Defendants move for leave to inspect and for a copy of the minutes of the grand jury upon which the aforesaid indictment was found against them. Both defendants assert that it is necessary for them to inspect said minutes in order for them to lay the basis for a motion to dismiss the said indictment.
Defendants’ moving papers demonstrate quite clearly that there is no reason to believe that the evidence before the grand jury, upon which the indictment in question was returned, is insufficient or illegal. Quite the contrary appears therefrom. Hence, the *494motions for leave to inspect must be denied. (People ex rel. Lemon v. Supreme Court, 245 N. Y. 24, 31.)
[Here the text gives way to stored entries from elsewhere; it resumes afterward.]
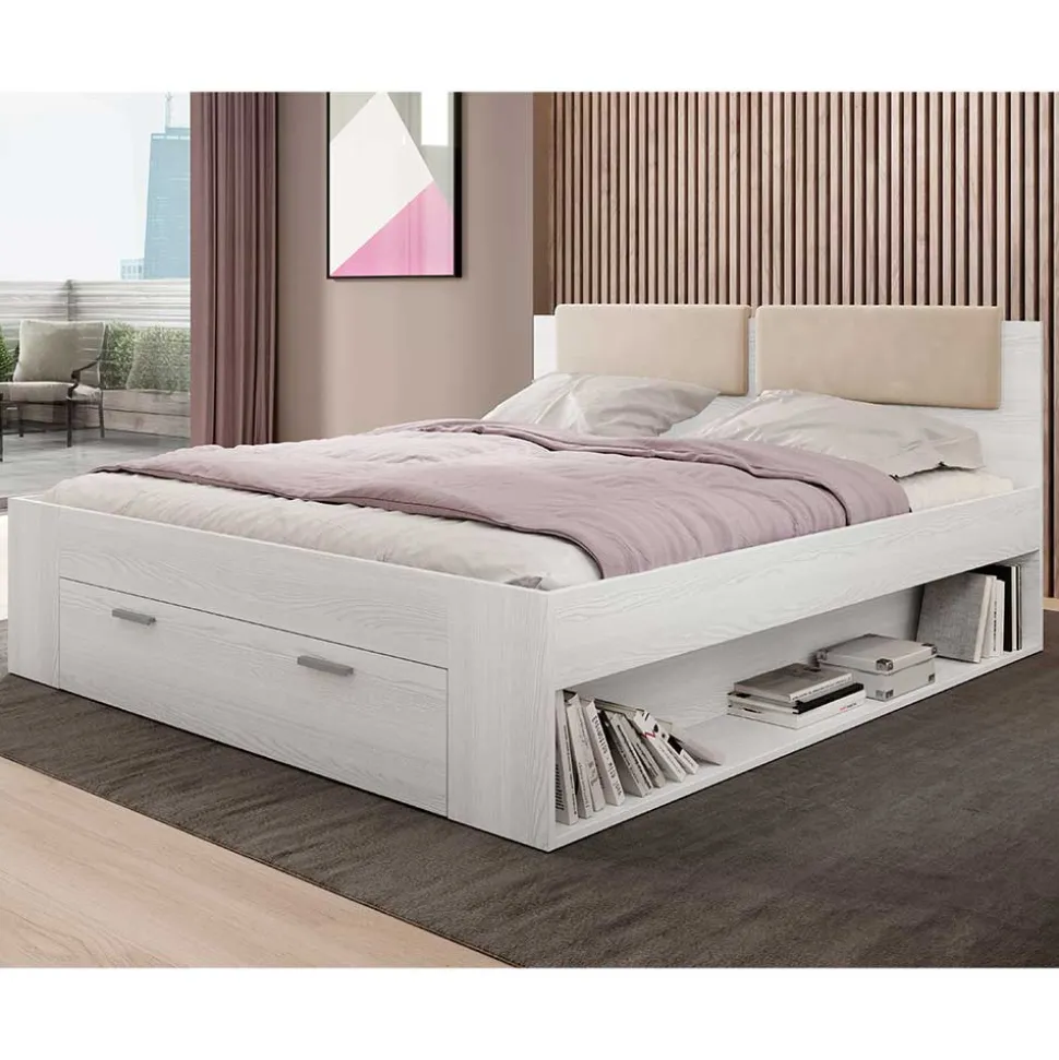 - Optimales Doppelbett in Esche weiß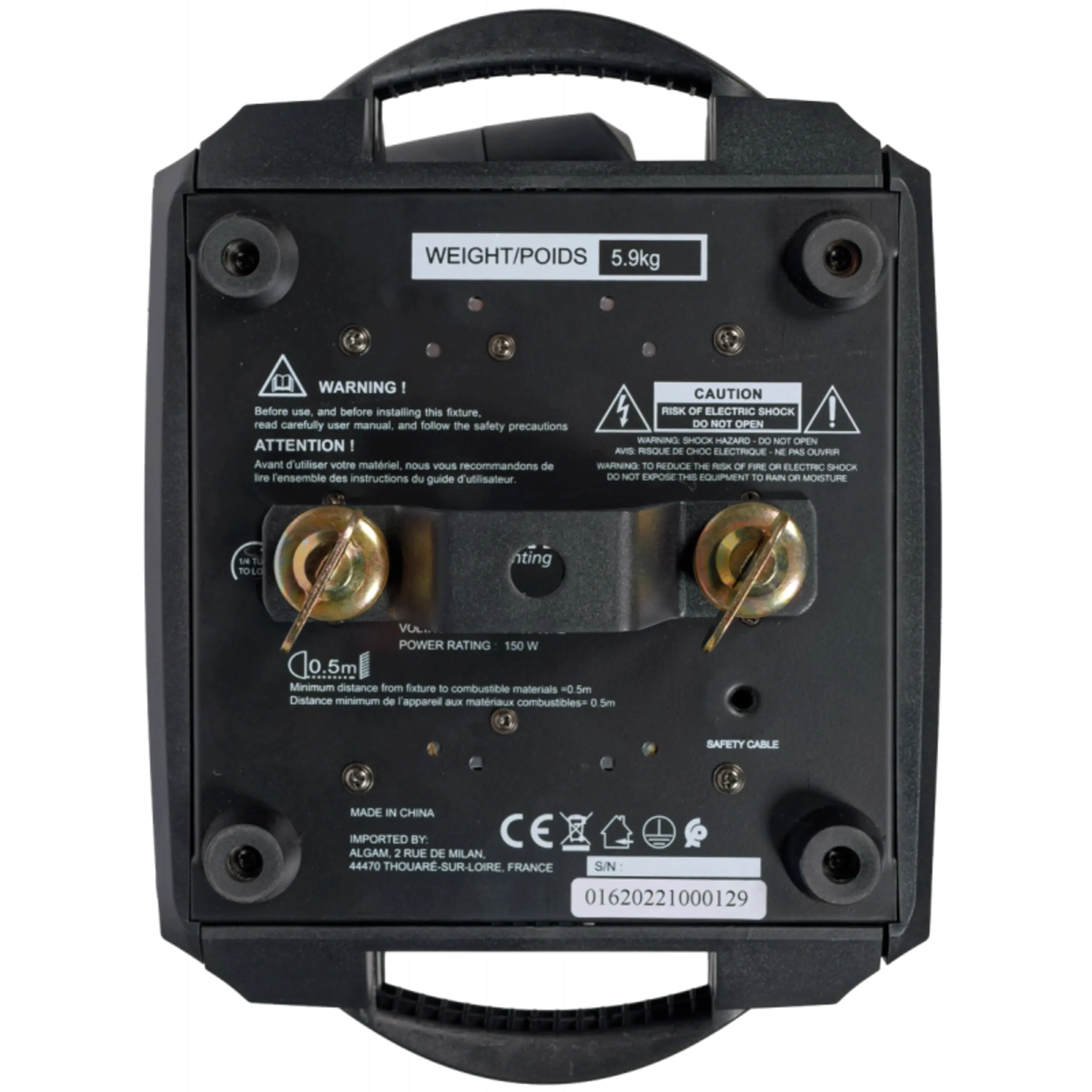 The Algam Lighting MS100 is a professional spot moving head, featuring a powerful 100W white LED light source to create a wide range of impressive effects within a well-designed frame. This lightweight yet resource-packed device (5.9kg) is developed for lighting professionals, offering a motorized focus, a 6-facet variable speed prism, and two gobo wheels (one fixed, one rotating). Its quiet motorization provides tremendous flexibility with 540° pan and 270° tilt, making it suitable for a wide range of fixed and mobile applications.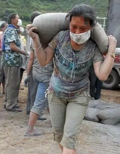 这应该是位母亲,背着小的,拉着大的,也许今天运气好可以给孩子买一棵棒棒糖。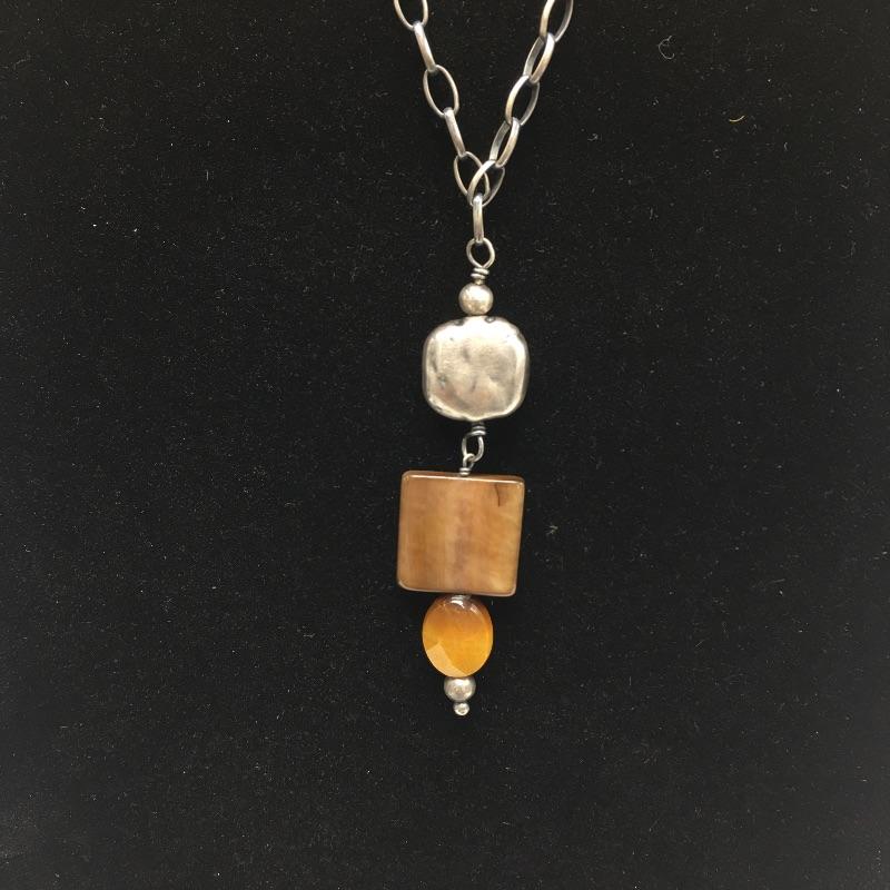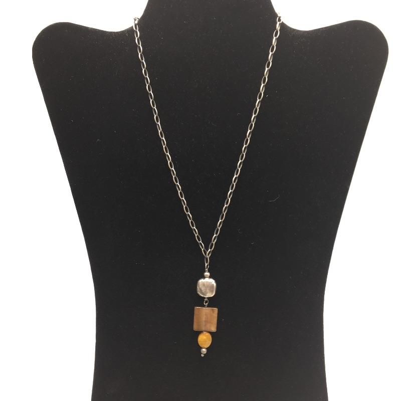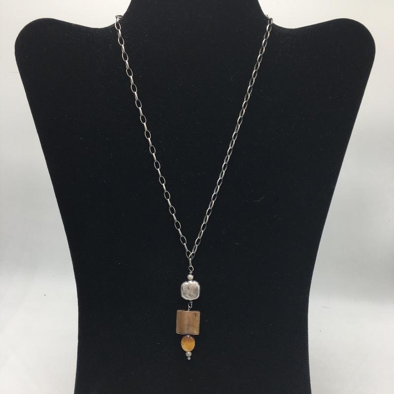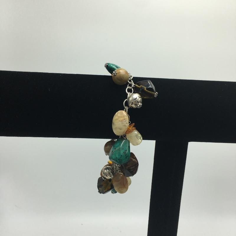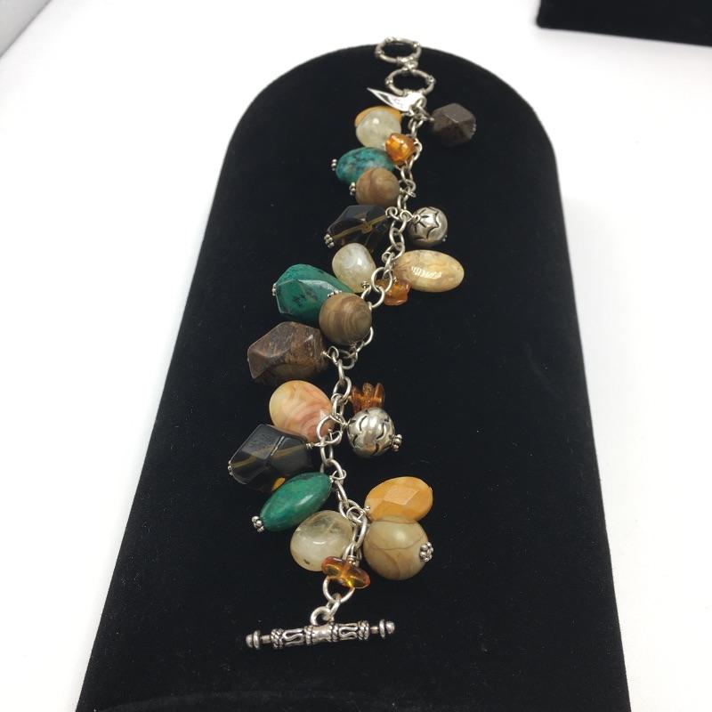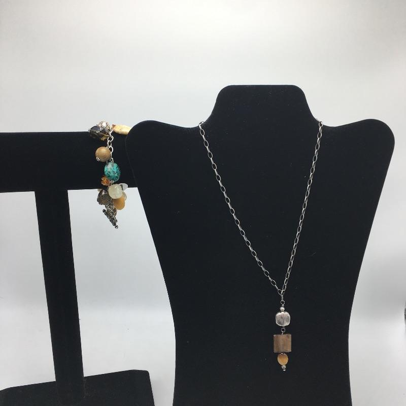 Silpada lot includes faceted tigers eye bead, mother of pearl and hammered and oxidized sterling silver link necklace with a lobster clasp that measures 16.5” long and a oxidized sterling silver bracelet with smoky quartz, stabilized turquoise, rock crystal, quartzite, chalcedony, bronzite, Amber, crazy lace agate and an adjustable toggle clasp, fits up to an 8” wrist.

Defendant Kassis moves for a separate trial. Defendant Stambouly does not, but the People do, oppose such motion.
In applications made by a defendant for a separate trial “ The courts should apply but one test. Will a separate trial impede or assist the proper administration of justice in a particular case and secure to the accused the right of a fair trial? ” (People v. Snyder, 246 N. Y. 491, 497.) “ It depends upon the circumstances of the particular case whether a jury can weigh properly the testimony produced upon the various issues that may arise in a joint trial.” (People v. Snyder, supra, 497.)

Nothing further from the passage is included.